Il y a quelque chose de surréaliste à écrire ces mots. Une armada. Des menaces d’exécution. Des ultimatums lancés depuis un avion présidentiel. On se croirait dans un film. Sauf que ce n’est pas un film. Ce sont des vraies vies, des vraies morts, des vraies bombes. Et moi, je suis là, à essayer de donner un sens à cette folie. Parfois, je me demande si le monde a conscience de ce qui se joue.
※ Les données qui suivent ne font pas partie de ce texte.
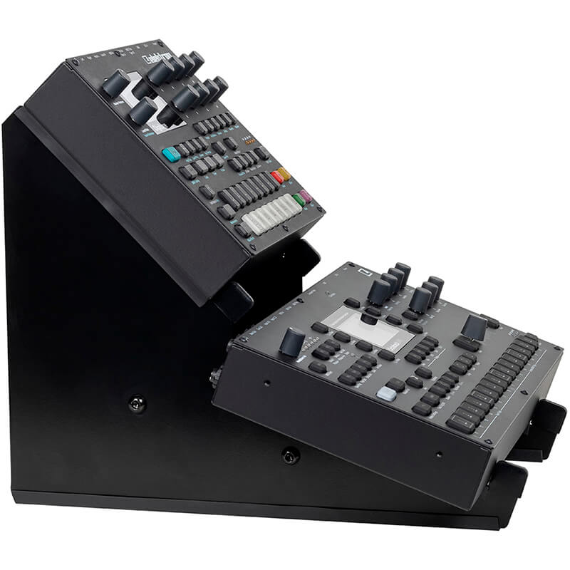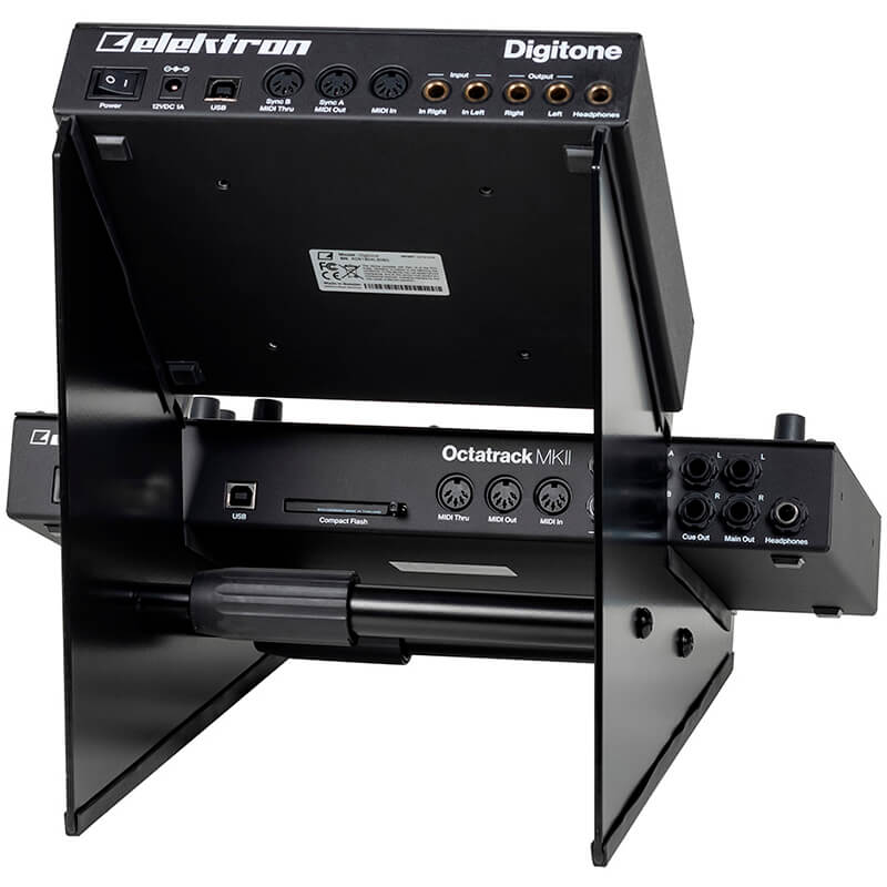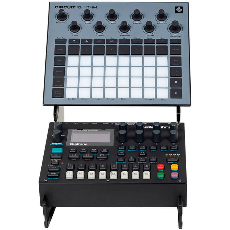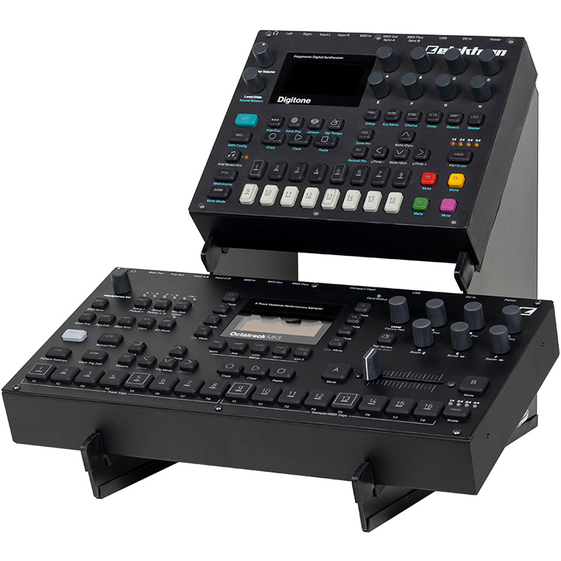 Soporte de escritorio de dos niveles para dispositivos como sintetizadores, controladores, cajas de ritmos y módulos de efectos
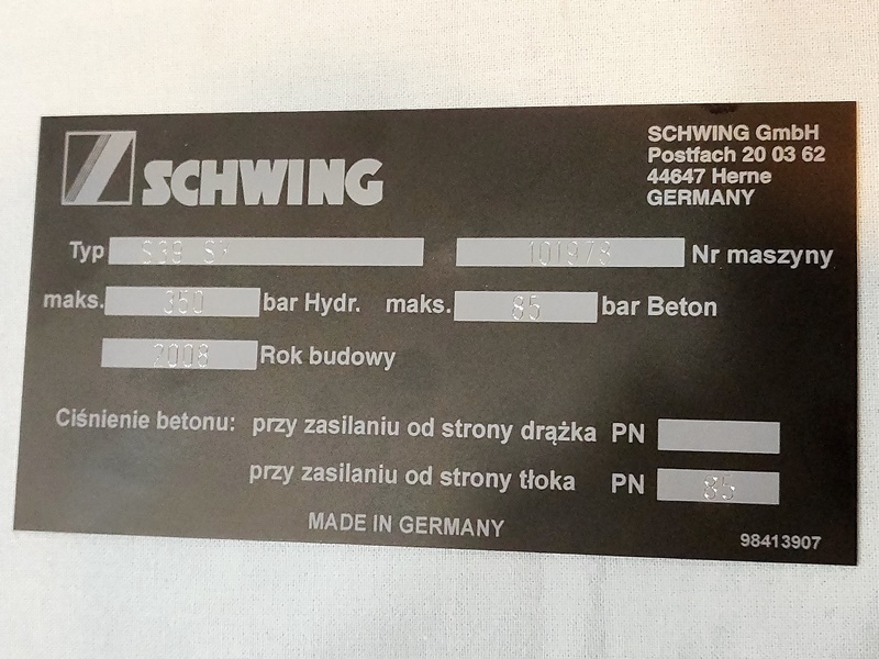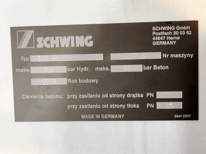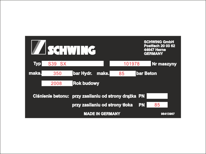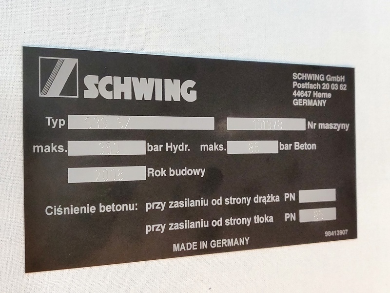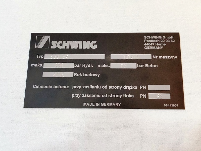 Tabliczka znamionowa Schwing z aluminium anodowanego z grawerem, w rozmiarze 150 x 80 mm.
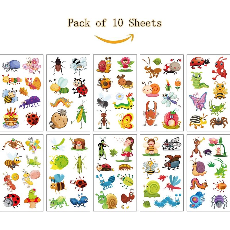 - 【10 different sheets】The package includes 10 different sheets of Insects Tattoo Stickers for kids, boys and girls.
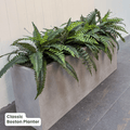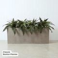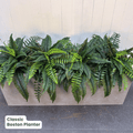 Classic Boston: Features five dense, arching artificial Boston Ferns that create a soft, overflowing canopy. Ideal for adding texture to minimalist commercial spaces.
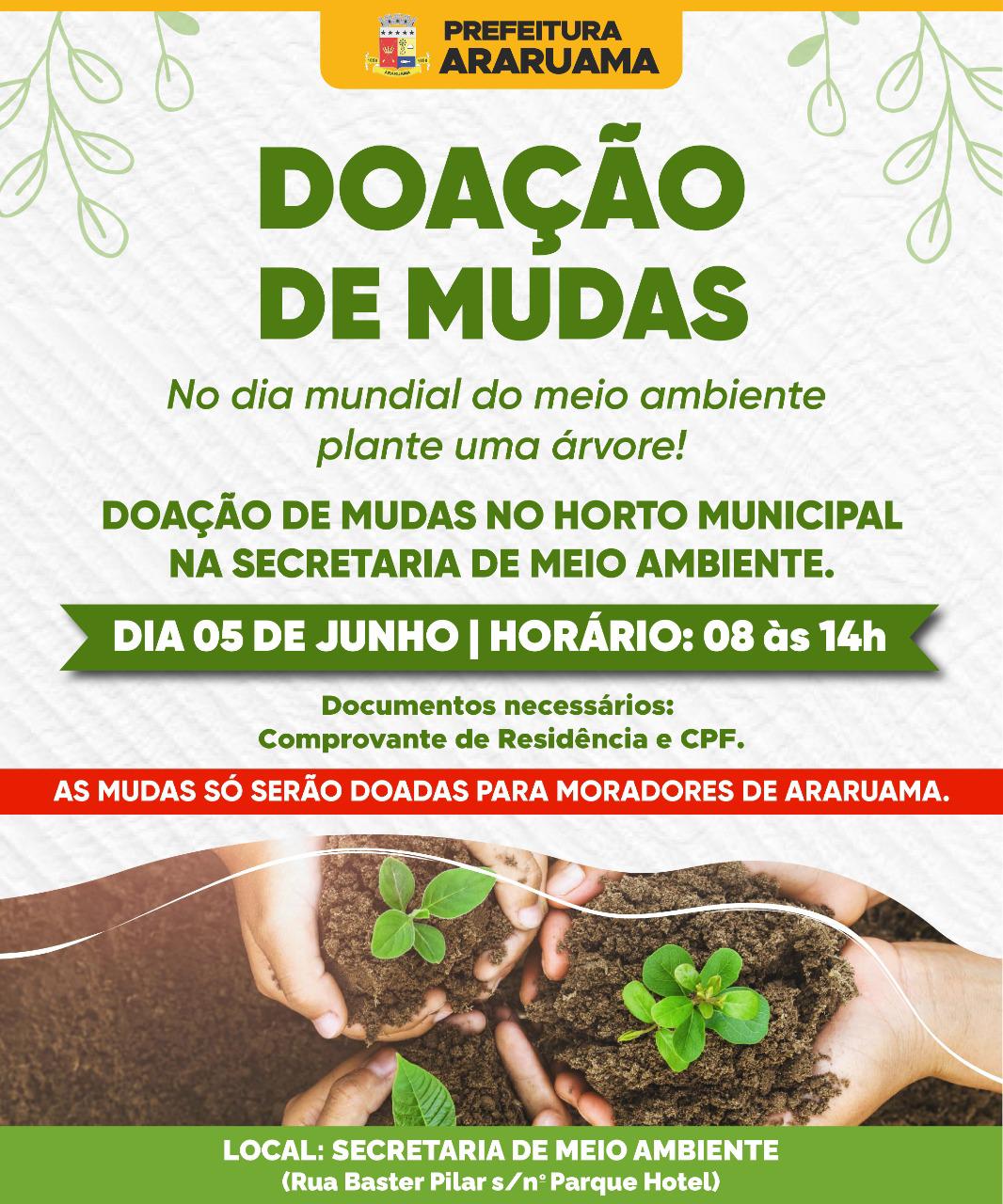 Para isso, fará a distribuição gratuita de mudas aos moradores da cidade. Cada pessoa vai poder receber uma muda.
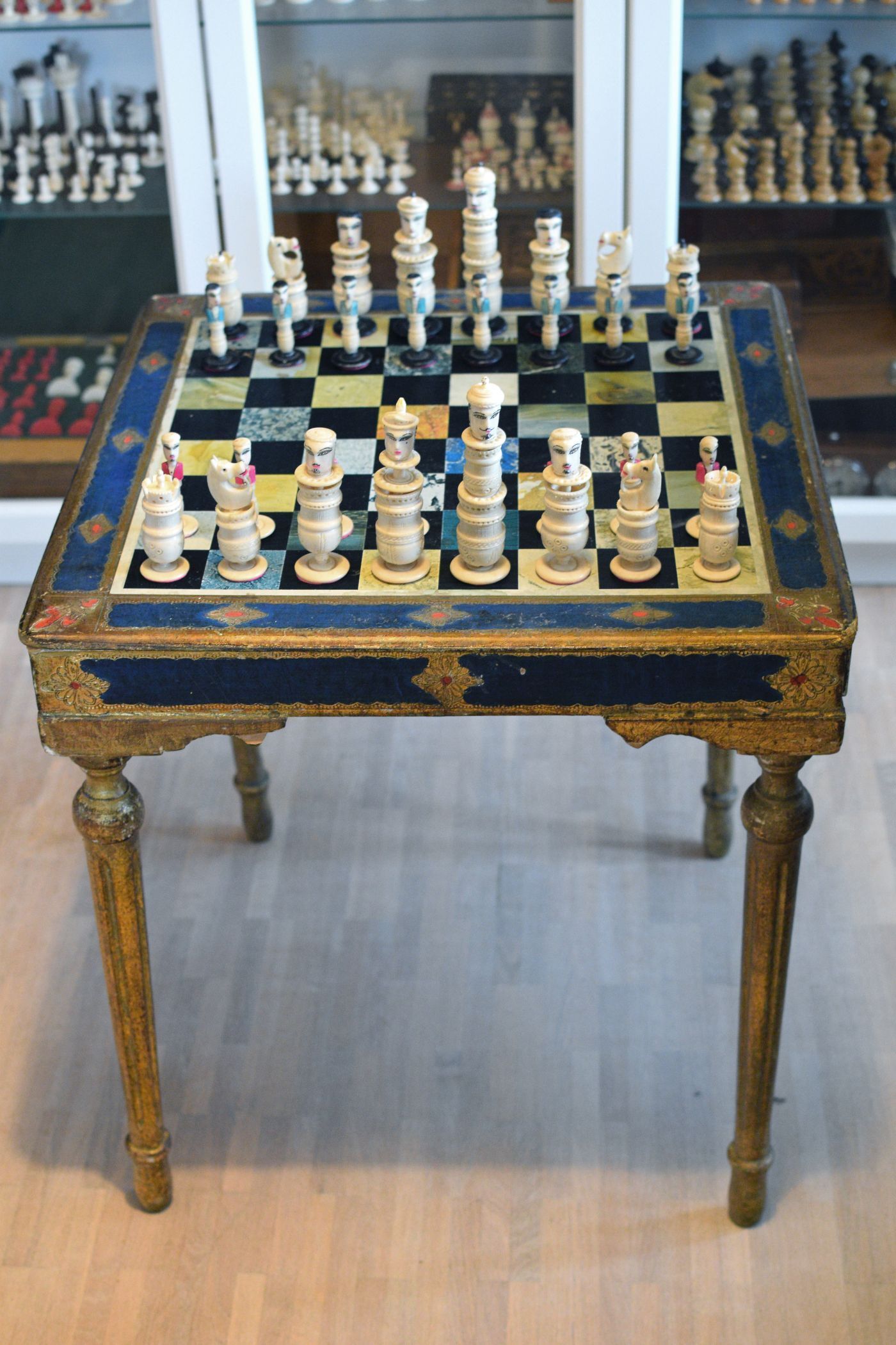 The chess set is shown on a small chess table, painted predominantly in blue and gold colour, which in my view adds to the already colourful chess pieces and gives them a slightly "Fin de siècle" style.
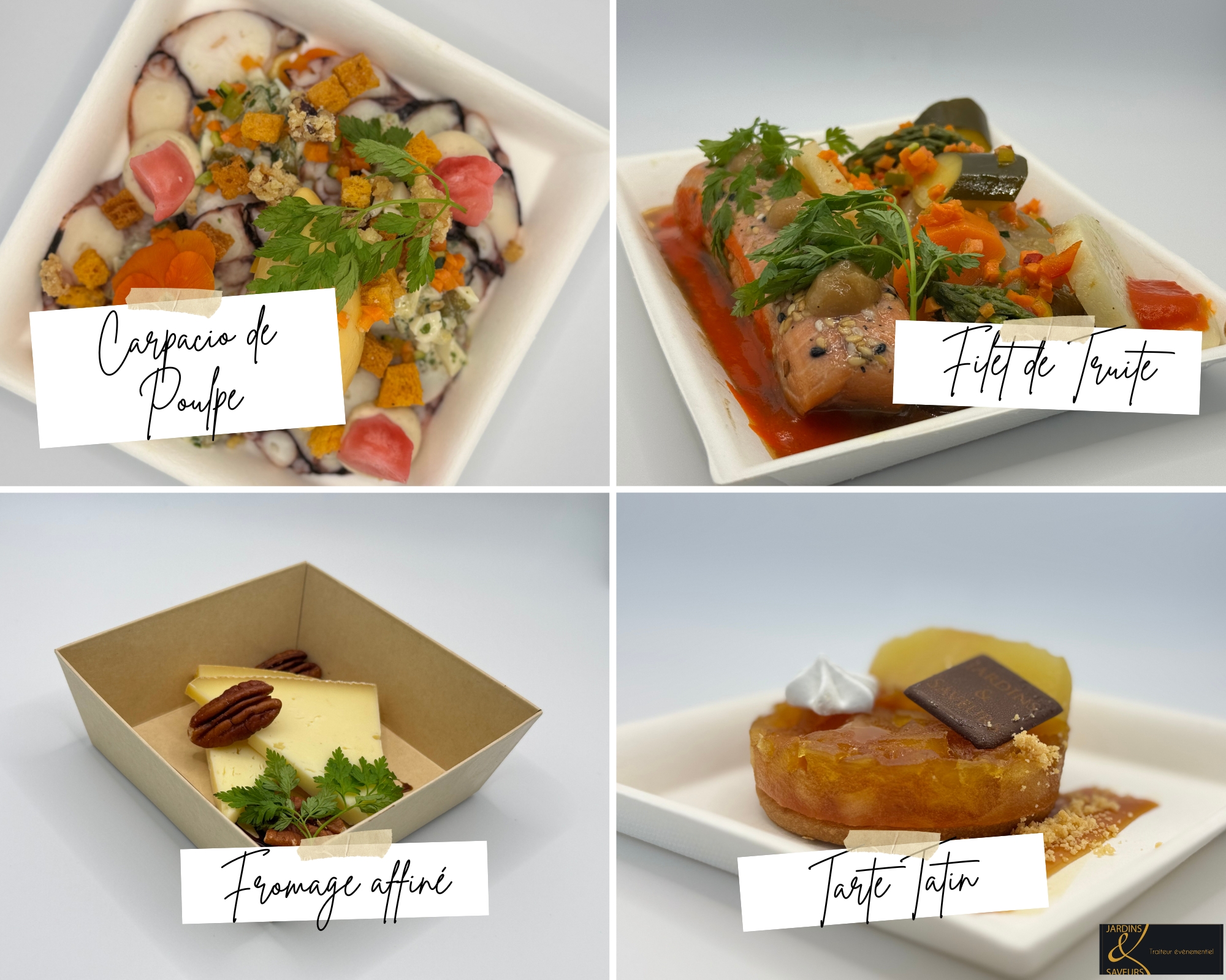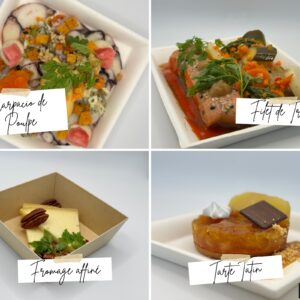 Plateau repas pour une personne avec entrée, plat et dessert sur le thème des produits de la mer
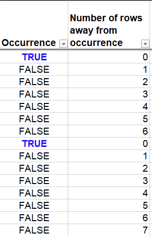 The cells in the column Number of rows away from occurrence counts the number of rows that are away from a TRUE event in Occurrence column.
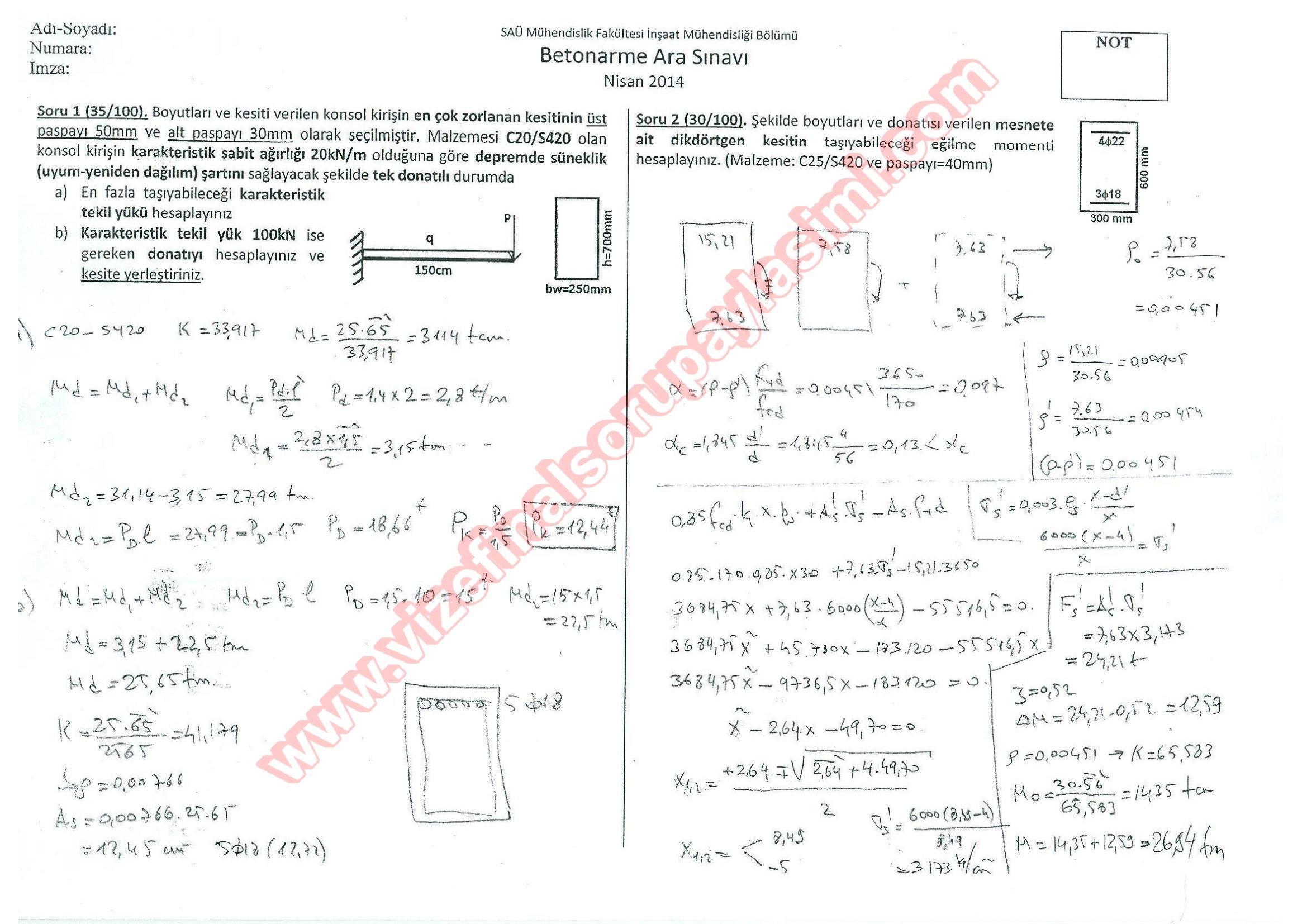 Betonarme-1 Vize Soruları Ve Cevapları - 2014
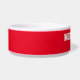 This unique custom pet dog or cat bowl features their name personalized in classic all-caps serif text with a background in red colour. A stylish water and food bowl for your furry family member, available in medium and large sizes.
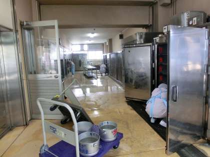 来週からの給食再開に向けて,給食調理員さんが,給食室をピカピカに掃除してくださっていました。いよいよ来週からおいしい給食が食べられます。毎日の給食時間が今から楽しみですね。
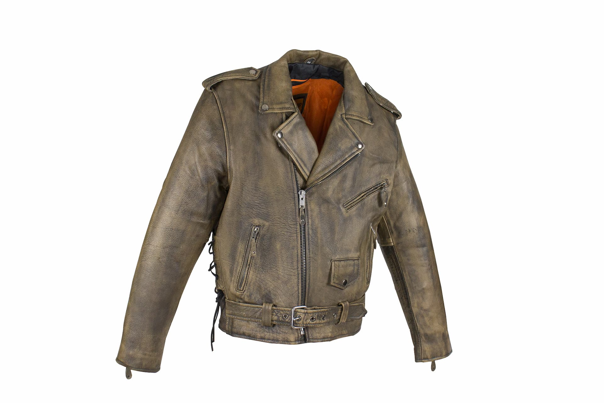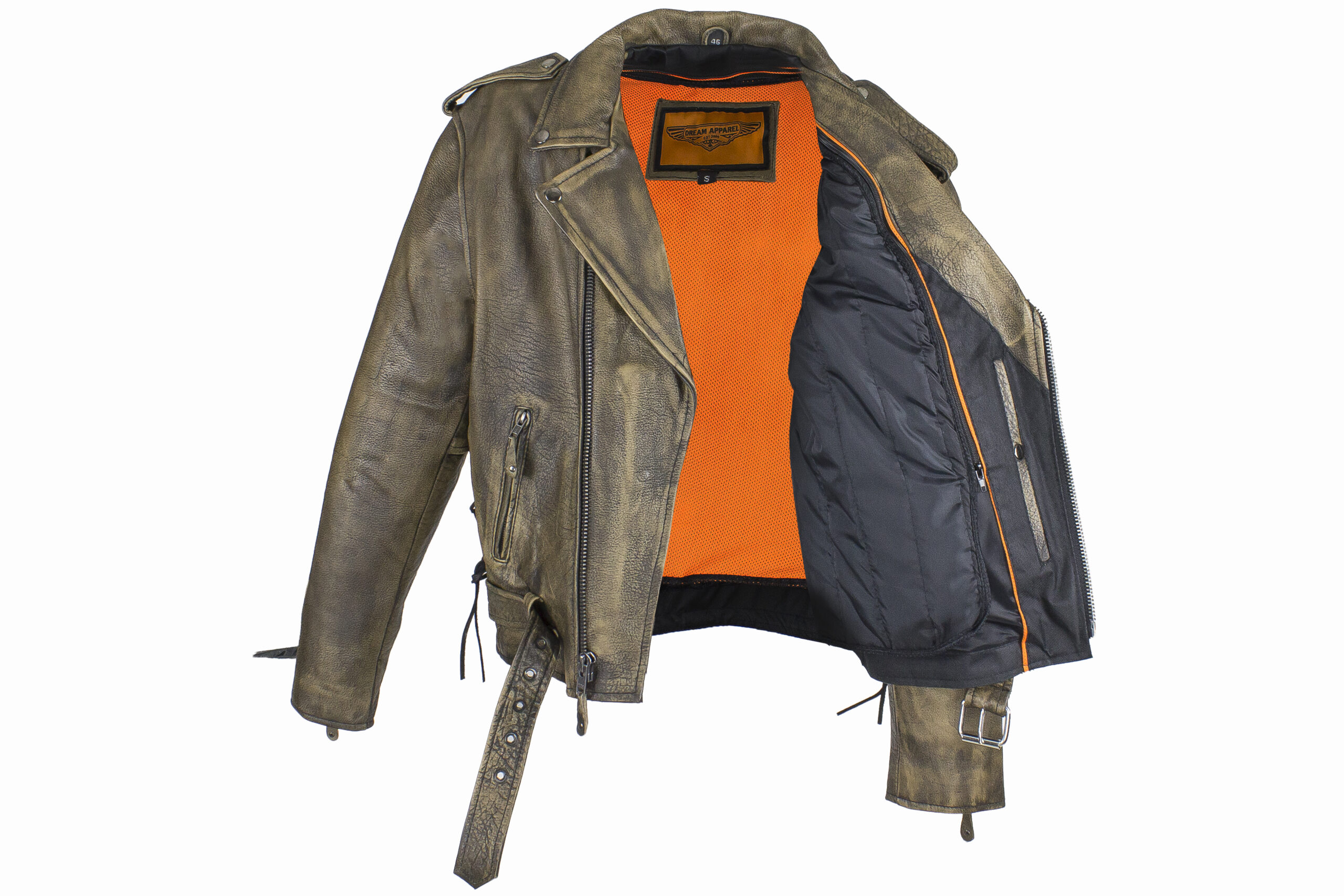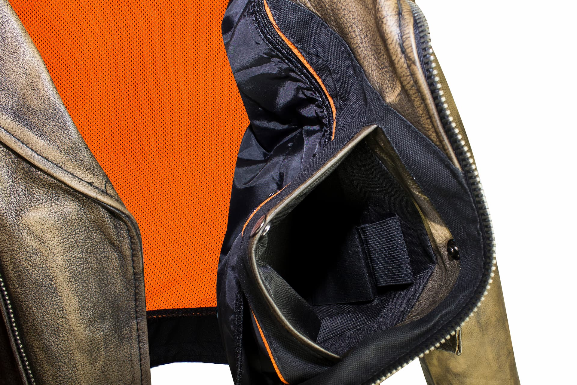 Men’s Distressed brown Jacket with Gun Pockets and air vents

Si les gens réalisent qu’on est peut-être à quelques décisions, quelques erreurs de calcul, d’une guerre qui pourrait embraser toute la région. J’espère que non. J’espère qu’il reste des adultes dans la pièce. Quelque part.
Section 4 : Le fantôme de juin 2025
12 jours de guerre, des cicatrices pour des décennies
Pour comprendre ce qui se joue aujourd’hui, il faut revenir en arrière. 13 juin 2025, 4h30 du matin. L’armée de l’air israélienne lance la plus grande opération militaire de son histoire. Plus de 200 chasseurs. Cinq vagues de frappes. 330 munitions larguées sur une centaine de cibles iraniennes. En quelques heures, le programme nucléaire iranien — des décennies de travail, des milliards de dollars investis — est réduit en cendres. Natanz, la fierté nationale, ce complexe souterrain que les Iraniens pensaient invulnérable : détruit. Les États-Unis rejoignent le combat le 22 juin avec l’opération Midnight Hammer. Des bombardiers furtifs B-2 Spirit larguent 14 bombes anti-bunker de 13 tonnes sur les installations restantes. La directrice du Renseignement national Tulsi Gabbard annoncera plus tard que les sites nucléaires iraniens ont été « détruits » et qu’il faudrait « des années » pour les reconstruire.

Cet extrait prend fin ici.